Set MSR_SAFE with a whitelist compatible with COUNTDOWN:
sudo cat $COUNTDOWN_HOME/msr_safe_wl/$ARCH_wl > /dev/cpu/msr_whitelist
Architectures: hsw = Intel Haswell - bdw = Intel Broadwell
DISABLE NMI WATCHDOG
NMI watchdog interferes with HW performance counters used by COUNTDOWN to count clock cycles and the number of instruction retired. To avoid this problem is necessary to set:
sudo sh -c "echo '0' > /proc/sys/kernel/nmi_watchdog"
and adding "nmi_watchdog=0" to the kernel command line through grub2.
ENABLE RDPMC - REQUIRED ONLY FOR SYSTEMS WITH KERNEL >4.x
In kernel >4.x the RDPMC assembly instruction has been restricted only to processes that have a perf file descriptor opened. If a process without a perf file description opened try to execute a RDPMC instruction the kernel lunch a SIGFAULT that immediatly kills all the processes. To overcome this limitation is necessary to set:
sudo sh -c "echo '2' > /sys/bus/event_source/devices/cpu/rdpmc"
and adding "echo '2' > /sys/bus/event_source/devices/cpu/rdpmc" to the /etc/rc.local.
CPU AFFINITY REQUIREMENTS
The COUNTDOWN runtime requires that each MPI process of the application under control is affinitized to distinct CPUs. This is a strict requirement for the runtime and must be enforced by the MPI launch command.
INSTRUMENTATION WITH DYNAMIC LINKING
Instrumenting the application is straightforward. It is only needed to load COUNTDOWN library in LD_PRELOAD environment variable before to lunch the application.

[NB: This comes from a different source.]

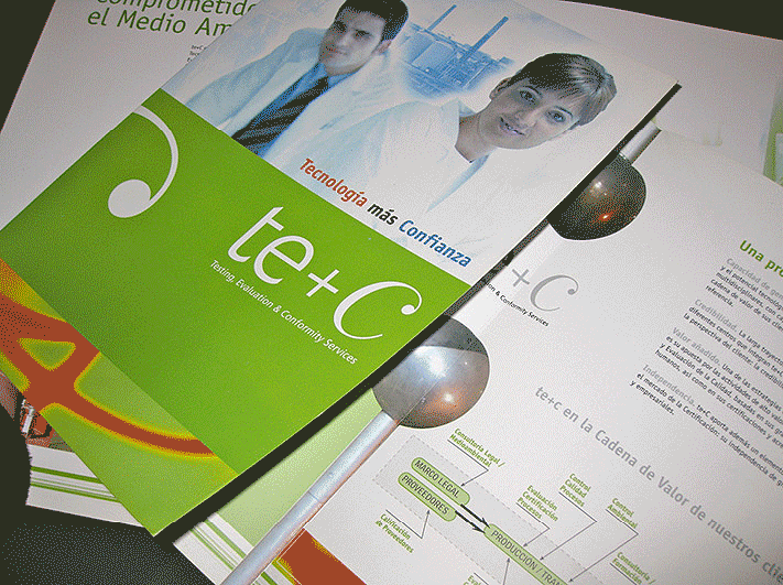 El caso es que, una vez más, obramos el milagro de la multiplicación de los textos y las fotos, y nos sacamos de la manga un tríptico que, en efecto, plasmaba con efectividad los valores de tecnología y confianza e incluso era capaz de gustar a un cliente tan exigente para sus cosas como son quienes se mueven en el sector de la Ingeniería.
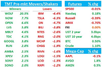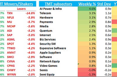 MSFT 因 Azure 的加速增长和指引上涨 4%。我们认为 Azure 在接下来的几个季度将继续加速,但反对意见认为接下来的两个季度将是最好表现,之后 MSFT 将面临显著更严峻的同比比较。这个观点有道理,但我们认为还没到那个阶段。该股继续与 AI 半导体板块走势高度一致。Unlike AI semis, infra names stronger: ORCL +1.6%; NET +3.5%; SNOW +1.6%

To profile the application with COUNTDOWN:
mpirun -np $NPROCS -x(-genv) LD_PRELOAD=/path/to/countdown/lib/libcntd.so ./$APP
report files of COUNTDOWN are located in the current directory. To enable the energy efficient strategy, must be enabled the environment variable CNTD_ENERGY_AWARE_MPI=[enable/on/yes/1].

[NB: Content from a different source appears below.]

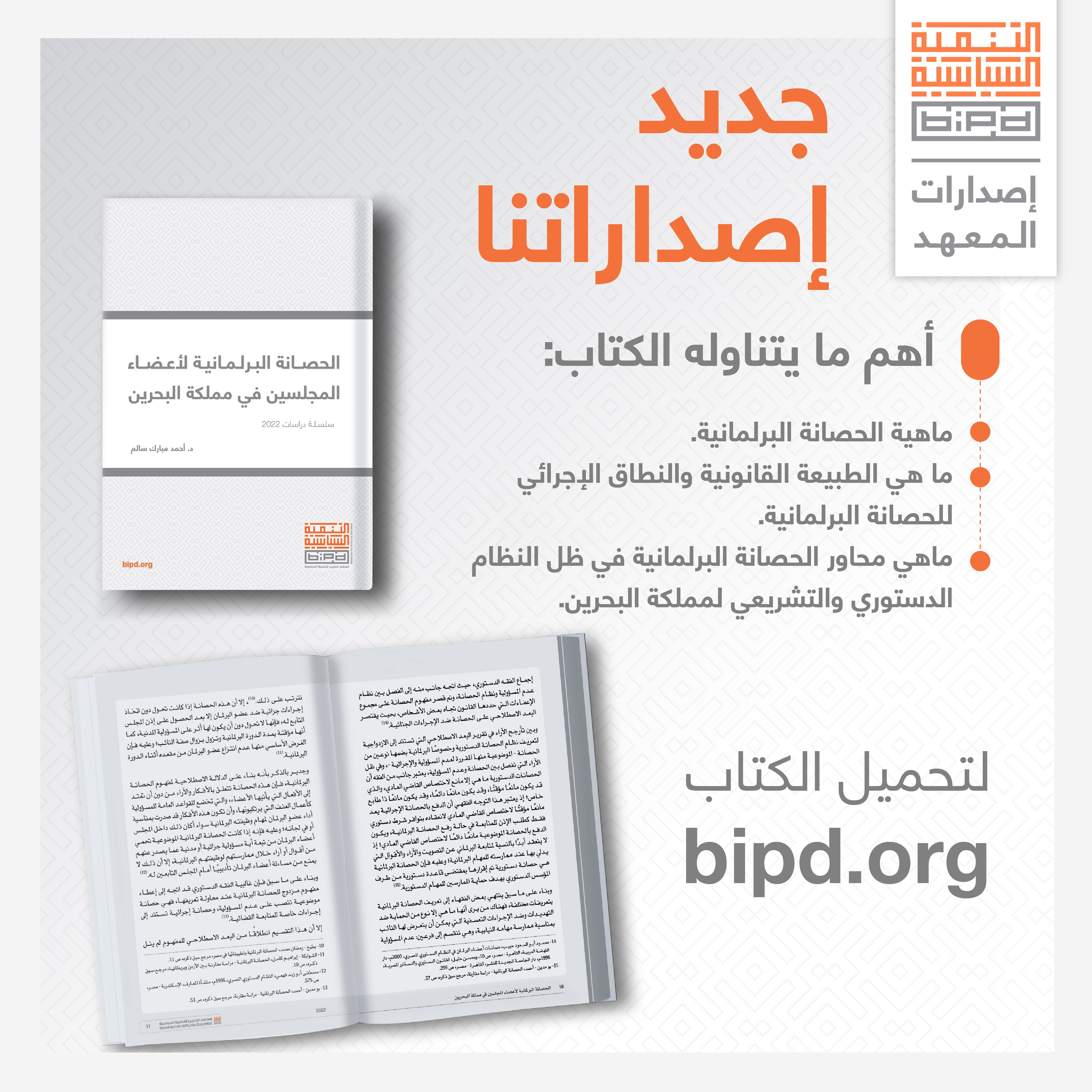 أصدر معهد البحرين للتنمية السياسية، ضمن سلسلة دراسات 2022، دراسة بحثية بعنوان "الحصانة البرلمانية لأعضاء المجلسين في مملكة البحرين"، تأليف الباحث الدكتور أحمد مبارك سالم.

mpirun -np $NPROCS -x(-genv) LD_PRELOAD=/path/to/countdown/lib/libcntd.so -x(-genv) CNTD_ENERGY_AWARE_MPI=1 ./$APP
COUNTDOWN can be configured setting the following environment variables:
CNTD_OUT_DIR=$PATH (Output directory of report files)
CNTD_NODE_SAMPLING=[enable/on/yes/1] (Enable sampling node report)

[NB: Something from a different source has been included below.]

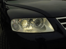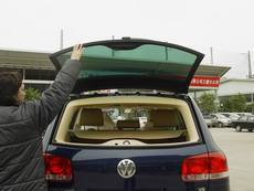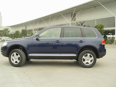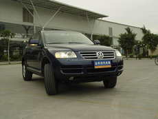 2002年巴黎車展上途銳首次露面,那時我們只能通過雜志等傳媒遠看他的尊容,現在就不同了,途銳給我們的第一感覺就是非常的大,龐大的身軀有著十足的霸氣,不可想象他有著(長:4754毫米;寬:1928毫米;高:1726毫米)尺寸,同時讓你產生了強烈的駕駛欲望,但你細細品味他又是那么的內斂,雖然個子很大,方形超亮氙氣車燈卻烘托出憨厚的本色,有著德國人一貫嚴謹的性格,氙氣大燈不僅可以最大限度的提高車身周圍的亮度,并且比傳統鹵素大燈的使用壽命長很多,感光器能夠在天色變黑、進入隧道后自動切換車燈,保證了駕駛者和行人的安全,特別是途銳的大燈是安裝了透明玻璃外罩的,這樣在越野有效的保護了大燈不被飛石和樹枝損壞。同時還配備太陽能天窗、航空雨刷自動感應功能。
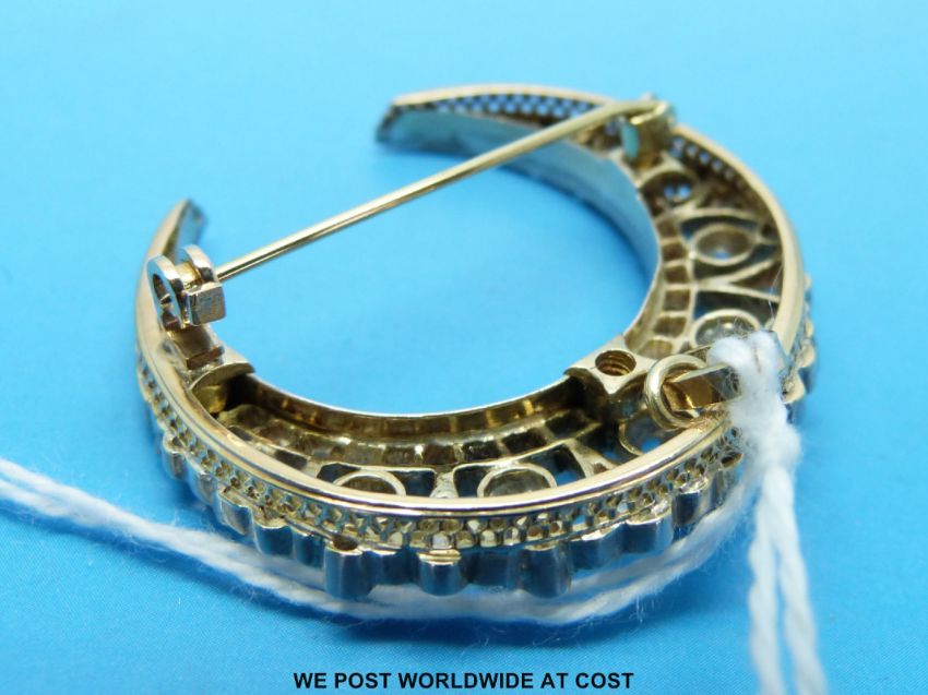 A Victorian gold and platinum brooch set with old cut diamonds in a crescent shape the largest diamond measuring approx 0.25ct

CNTD_LOG_MPI_CALL=[enable/on/yes/1] (Enable report for MPI calls)
CNTD_ADV_METRICS=[enable/on/yes/1] (Enable dump of HW performance counters)
CNTD_ENERGY_AWARE_MPI=[enable/on/yes/1] (Enable energy-aware MPI policy)
CNTD_ENERGY_AWARE_MPI_TIMEOUT=[number] (Timeout of energy-aware MPI policy in microseconds)
CNTD_FORCE_MSR requires that the application must be run as root and the MSR kernel module installed in the system:
sudo modprobe msr
This software is alpha versioned and is provided for early adopters and collaborative development. We are very interested in feedback from the community.
Development of the COUNTDOWN has been supported by the EU FETHPC project ANTAREX (g.a. 671623), and EU ERC Project MULTITHERMAN (g.a. 291125).